## EXERCISE DESCRIPTION
The lines to be copied are those below that contain "تصویر".

## THE RECORDS
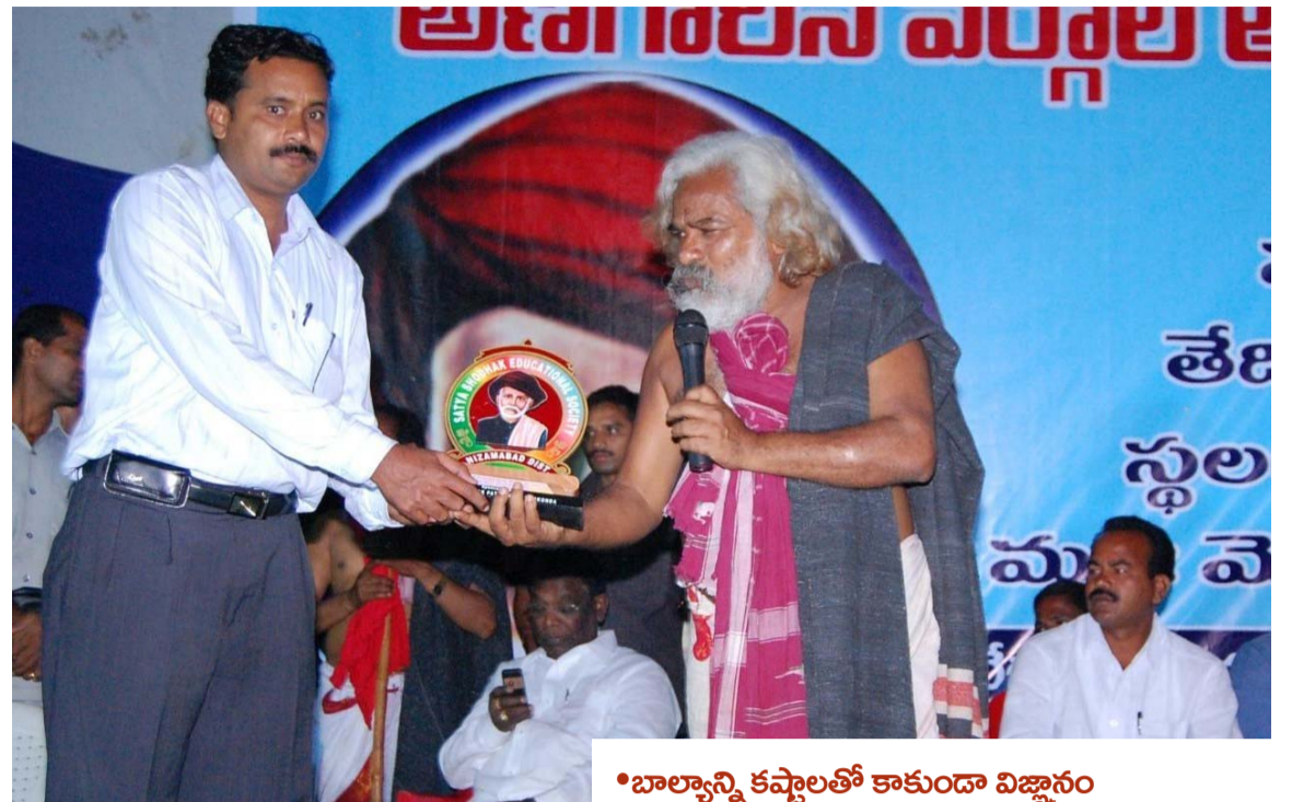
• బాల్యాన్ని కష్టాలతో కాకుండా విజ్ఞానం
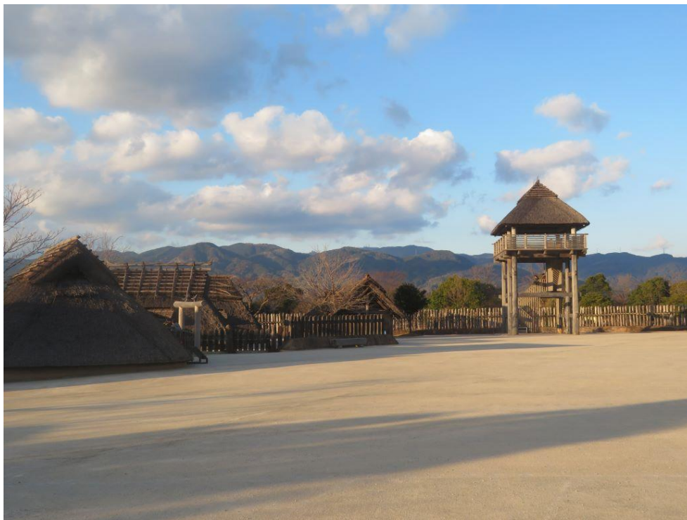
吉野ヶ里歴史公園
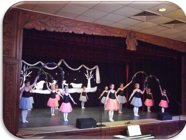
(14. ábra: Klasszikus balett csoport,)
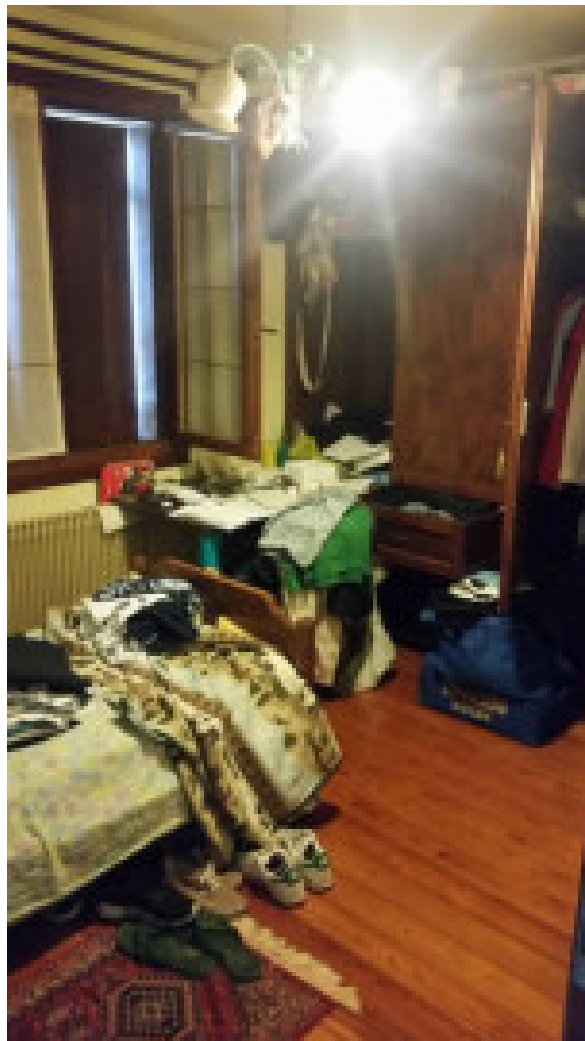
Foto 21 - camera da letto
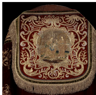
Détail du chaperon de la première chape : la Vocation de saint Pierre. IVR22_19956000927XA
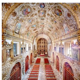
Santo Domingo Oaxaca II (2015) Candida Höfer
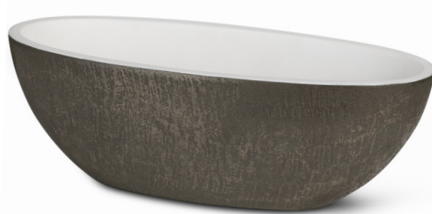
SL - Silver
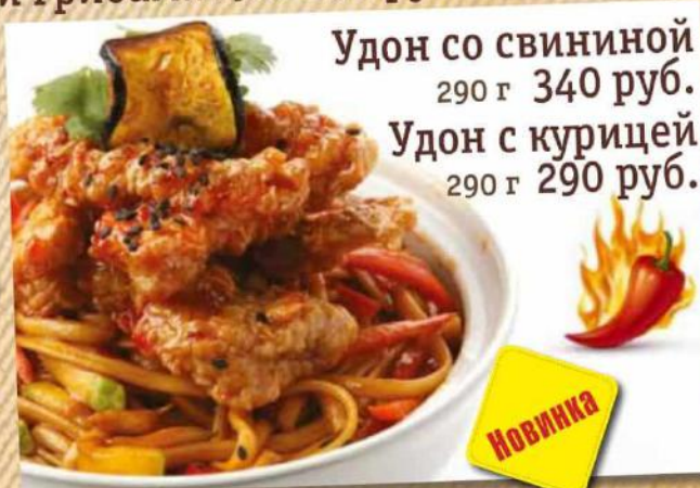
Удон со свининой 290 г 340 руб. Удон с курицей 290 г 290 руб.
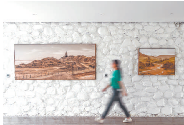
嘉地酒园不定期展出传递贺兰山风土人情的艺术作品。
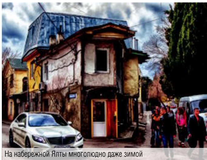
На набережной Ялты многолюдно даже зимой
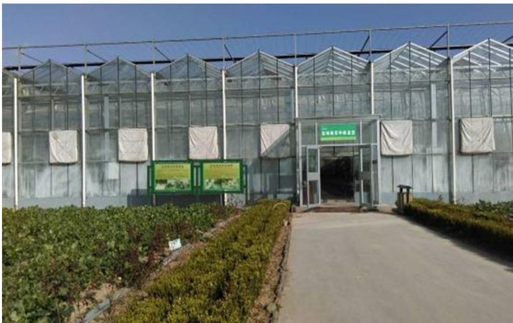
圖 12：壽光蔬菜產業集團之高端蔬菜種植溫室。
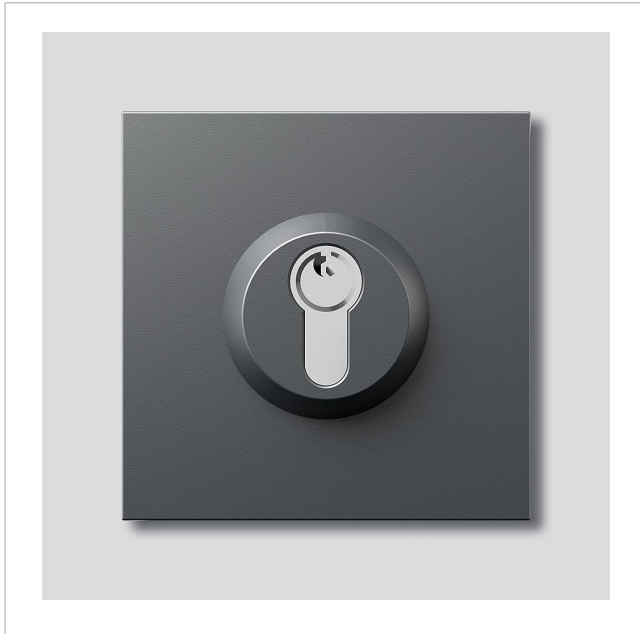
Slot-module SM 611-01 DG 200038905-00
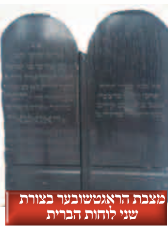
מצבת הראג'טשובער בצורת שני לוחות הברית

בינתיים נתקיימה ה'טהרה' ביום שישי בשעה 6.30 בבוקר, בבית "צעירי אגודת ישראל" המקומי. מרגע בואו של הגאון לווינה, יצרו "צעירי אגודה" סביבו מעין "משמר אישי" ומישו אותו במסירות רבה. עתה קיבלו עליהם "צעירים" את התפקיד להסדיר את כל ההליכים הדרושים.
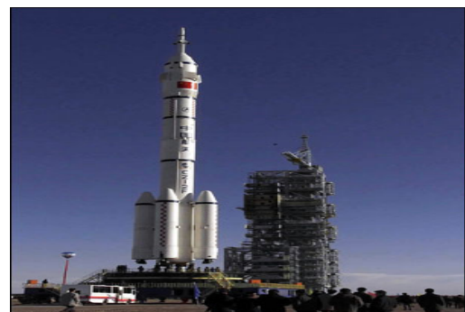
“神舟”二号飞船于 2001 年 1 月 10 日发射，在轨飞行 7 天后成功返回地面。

* * *

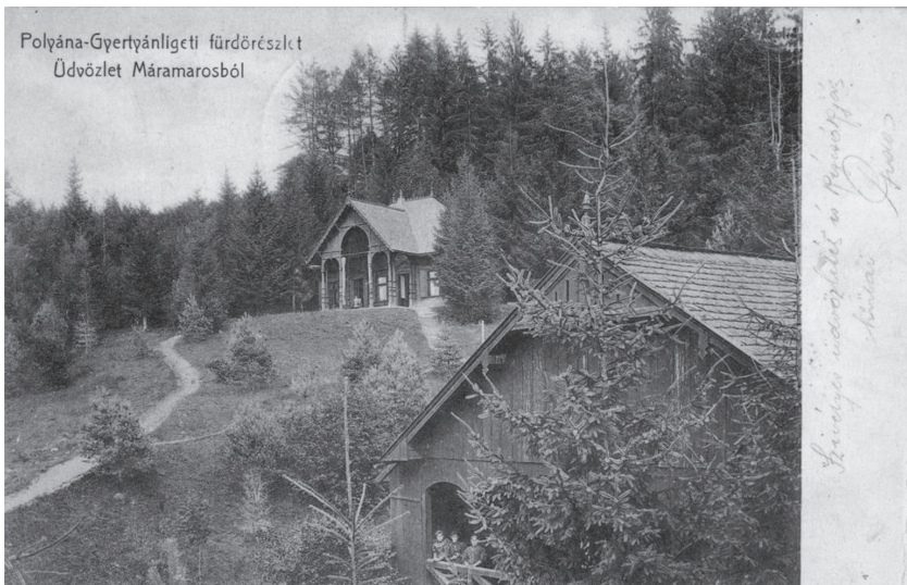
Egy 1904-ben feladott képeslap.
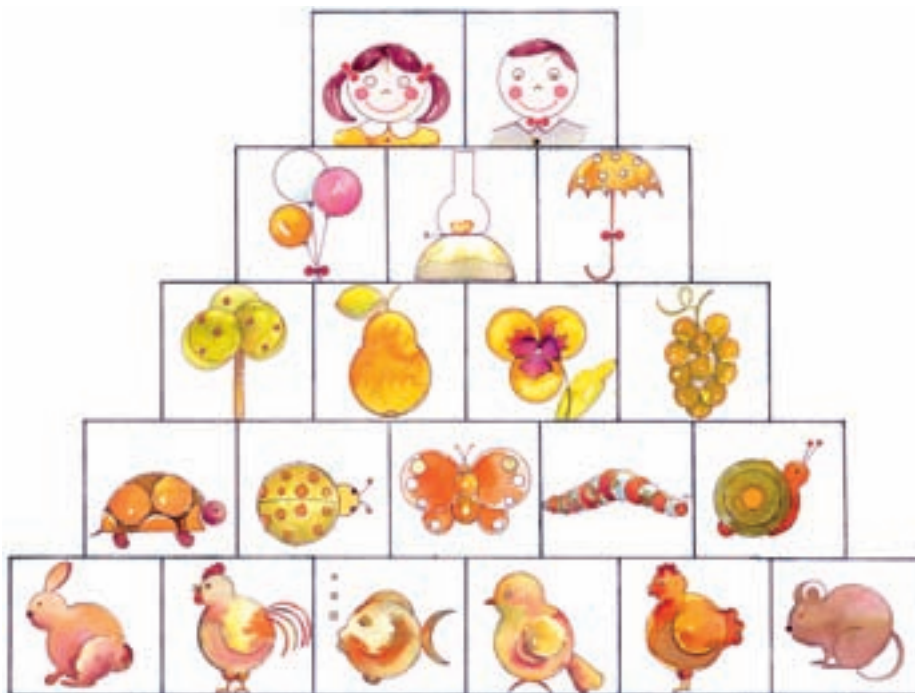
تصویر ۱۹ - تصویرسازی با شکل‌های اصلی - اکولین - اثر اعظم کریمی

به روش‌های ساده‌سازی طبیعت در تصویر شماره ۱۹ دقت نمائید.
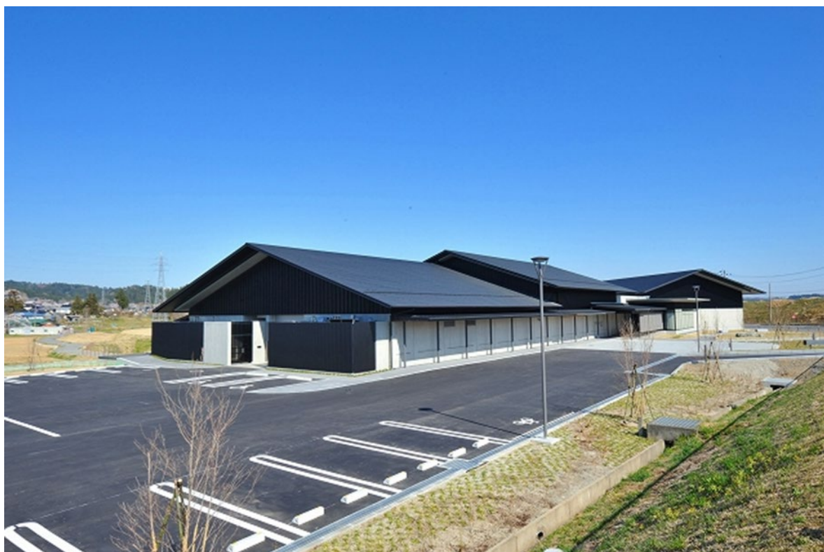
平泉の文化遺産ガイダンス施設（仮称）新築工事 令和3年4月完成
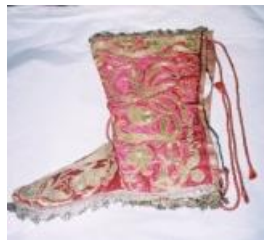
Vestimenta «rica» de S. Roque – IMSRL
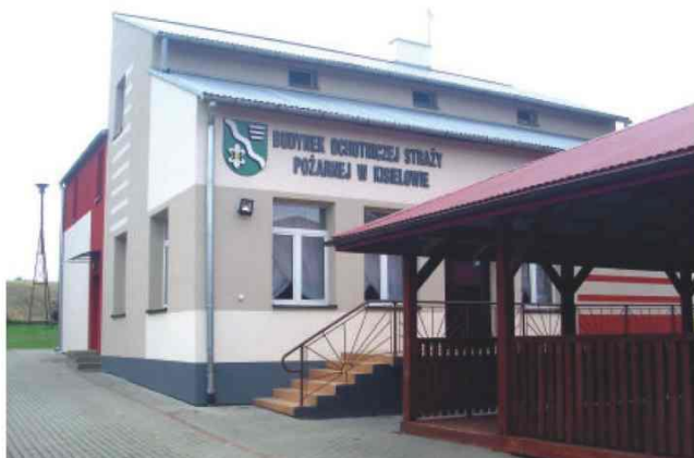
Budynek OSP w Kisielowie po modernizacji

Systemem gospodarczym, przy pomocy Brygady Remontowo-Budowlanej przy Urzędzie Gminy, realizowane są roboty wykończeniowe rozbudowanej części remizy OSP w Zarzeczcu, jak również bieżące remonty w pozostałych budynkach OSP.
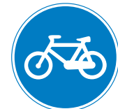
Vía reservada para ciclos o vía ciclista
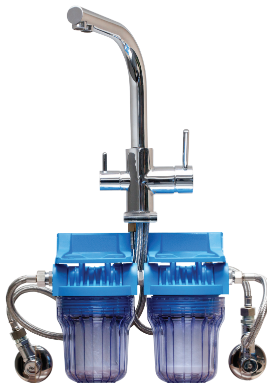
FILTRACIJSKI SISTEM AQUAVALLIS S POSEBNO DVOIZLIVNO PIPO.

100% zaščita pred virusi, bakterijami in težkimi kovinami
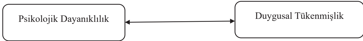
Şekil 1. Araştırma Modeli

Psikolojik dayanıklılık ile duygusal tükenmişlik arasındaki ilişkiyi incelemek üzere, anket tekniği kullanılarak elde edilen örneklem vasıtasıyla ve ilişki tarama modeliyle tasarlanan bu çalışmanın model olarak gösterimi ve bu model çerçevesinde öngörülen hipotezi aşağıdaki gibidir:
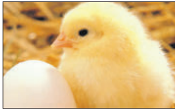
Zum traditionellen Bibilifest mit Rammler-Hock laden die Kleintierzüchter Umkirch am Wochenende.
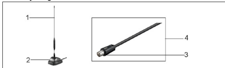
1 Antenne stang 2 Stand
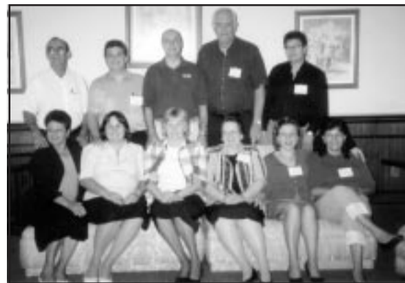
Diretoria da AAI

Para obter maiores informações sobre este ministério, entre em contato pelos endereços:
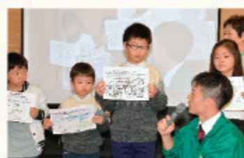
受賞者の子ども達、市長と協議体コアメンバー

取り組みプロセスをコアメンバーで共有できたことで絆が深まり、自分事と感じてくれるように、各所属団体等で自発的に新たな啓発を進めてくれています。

## WORKED SOLUTION
تصویر ۱۹ - تصویرسازی با شکل‌های اصلی - اکولین - اثر اعظم کریمی
به روش‌های ساده‌سازی طبیعت در تصویر شماره ۱۹ دقت نمائید.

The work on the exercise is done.